One of the reasons for burgeoning imports is that the country has to bring in everything from petroleum products to other raw materials from abroad, as very few of these goods are locally produced. This means the country has to first import to be able to export finished goods.

In this regard, sudden fall in imports also does not bode well for the country, as it indicates slowdown in industrial activities, which is not good for the economy.

But lately lots of goods meant for domestic consumption, which are being produced in the country at almost the same price as imported ones, are also being brought in from foreign countries. In other words, foreign products with relatively better competitive advantage are fast replacing domestic products.

This, in a way, is benefiting consumers, as they are being able to purchase goods of similar quality at relatively lower prices. And they are not likely to simply revert to domestic products unless they get value for their money.

So, the only way to lure consumers towards domestic products is to enhance competitive advantage of domestic industries.

Production capacity and cost competitiveness of domestic industries are eroding fast because of problems, such as prolonged hours of power cuts, inadequate transport infrastructure, lack of technology transfer and innovation, recurring labour disputes, shortage of facilities, such as warehouse and testing laboratory, lack of skilled human resources and policy inconsistencies. While these critical issues need to be addressed immediately to enhance competitiveness of domestic industries, what is also important is to identify imported foreign products manufactured using direct and indirect subsidies extended by governments of those countries.

It is well known that direct and indirect subsidies extended by developed countries, as well as India and China, are reducing competitiveness of Nepal’s agricultural products. Such benefits provide leverage to foreign firms to sell goods at cheaper prices, while domestic firms, that are not entitled to those benefits, suffer.

Also, the government should identify products in which Nepal is self-sufficient and curb import of such goods. However, such protection should be given to industries which produce high-quality products, so that consumers are not forced to consume low-quality products in the name of protecting Nepali industries. This will ensure the country’s hard-earned foreign currency is utilised only in areas where there is demand-supply gap between Nepal-made goods.

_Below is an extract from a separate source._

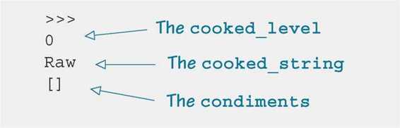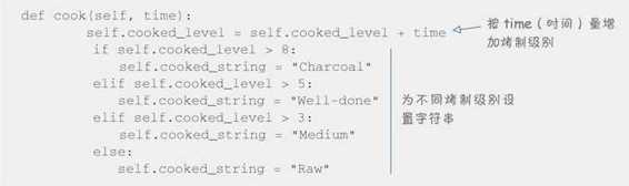 class HotDog: def __init__(self):self.cooked_level = 0self.cooked_string = "Raw"self.condiments = def cook(self, time):self.cooked_level = self.cooked_level + timeif self.cooked_level > 8: self.cooked_string = "Charcoal"elif self.cooked_level > 5: self.cooked_string = "Well-done"elif self.cooked_level > 3: self.cooked_string = "Medium"else: self.cooked_string = "Raw"myDog = HotDogprint myDog.cooked_levelprint myDog.cooked_stringprint myDog.condiments

“In this regard, we want the government to reduce import duties on raw materials and impose higher customs tariffs and countervailing duties on selected imported products. This can only provide domestic industries an edge,” said Saurabh Jyoti, chairperson of Tax and Revenue Committee at the Federation of Nepalese Chambers of Commerce and Industry.

As of now, the Ministry of Agricultural Development has identified some imported cereal crops, vegetables and fruits that are gaining undue advantage over domestic products because of subsidies.

However, the Ministry of Commerce and Supplies, which is drafting the Safeguard, Anti-dumping and Countervailing Bill to protect and promote domestic industries, is yet to identify such goods, a senior MoCS official said.

If the government can identify those goods and impose extra duties on them, ‘more domestic industries can flourish here’, added Jyoti. This will ultimately create more jobs, generate more revenue for the government, and give a boost to capital formation process.